Gathering Place is a 66-acre public park in Tulsa. GKFF provided $200 million in property and funds to design and operate the park. The park, which opened on September 8, 2018, was designed by Michael Van Valkenburgh and includes a children's museum. At the time, it was one of the largest public parks created with private funds, according to The New York Times. The park has been on USA Today's list of top 10 public parks five times as of 2025.

==== Tulsa Innovation Labs ====
Tulsa Innovation Labs (TIL) is a subsidiary of GKFF. The foundation launched it in 2020 with a $50 million initial investment. TIL is focused on developing Tulsa into a tech hub. When it launched in 2020, TIL was focused on funding companies in virtual health, energy tech, drones, cybersecurity and analytics.
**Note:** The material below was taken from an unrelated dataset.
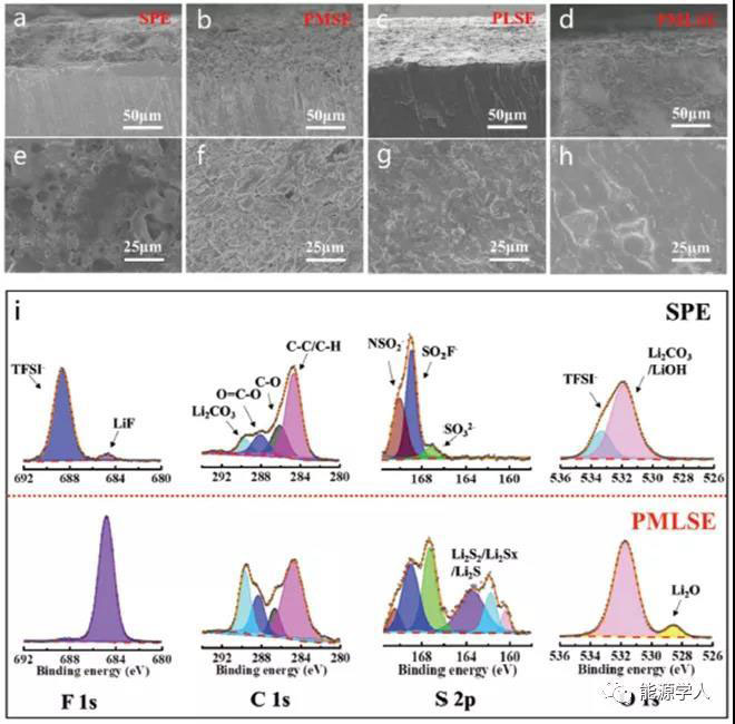 通過對比使用不同種類固態(tài)電解質(zhì)所組裝的Li/Li對稱電池的循環(huán)性能,功能性無機填料的加入可以明顯地提升聚合物固態(tài)電解質(zhì)的電化學穩(wěn)定性。但對于長期的循環(huán)穩(wěn)定性而言,由于PMSE機械性能的不足導致了Li/Li對稱電池最終還是出現(xiàn)了短路的現(xiàn)象,使用力學性能更為優(yōu)異的PLSE所組裝的電池同樣也出現(xiàn)了過度極化的失效機制,這意味著復合凝膠層在改善PLSE的界面電化學穩(wěn)定性方面有著明顯的作用。拆解觀察循環(huán)后鋰金屬的形貌可以看出使用PMLSE雙層電解質(zhì)的對稱電池中的鋰金屬負極表面更為致密平整(圖2)。通過XPS分析可以得知,PMLSE電解質(zhì)相較于SPE而言,更加有利于促進以LiF和有機-無機硫化物為主導成分的SEI層的形成。

In 2024, Tulsa received $51 million in funding from the federal government, as part of the CHIPS and Science Act to develop designated tech hubs outside of Silicon Valley. The funds went to the Tulsa Hub for Equitable & Trustworthy Autonomy, which is a consortium led by TIL. Projects to be supported by the funding included building an "artificial intelligence center of excellence" and facilities to support expanding capacity for small businesses, and developing workforce training programs. The funding was expected to support 56,000 jobs over ten years.

==== Tulsa Remote ====

GKFF launched Tulsa Remote in 2018. The program pays remote workers $10,000 to relocate to Tulsa. As of 2026 more than 4,000 people relocated to Tulsa through the program. Tulsa World reported that as of 2024, participants in Tulsa Remote had created 1,400 jobs, generated $30.5 million in state and county taxes, and together contributed more than $622 million to Tulsa's economy. In 2021, the Oklahoma legislature passed a bill to provide tax incentives for creation of programs based on Tulsa Remote. The program is also supported by the Oklahoma Department of Commerce.

According to a study by the W.E. Upjohn Institute for Employment Research, 96% of people enrolled in Tulsa Remote stayed for the full year of the program and 70% remained as of May 2025; the program generated $4 in benefits to the local economy for every dollar spent; and each new job created by the program cost approximately $36,000, compared to the average of $218,000.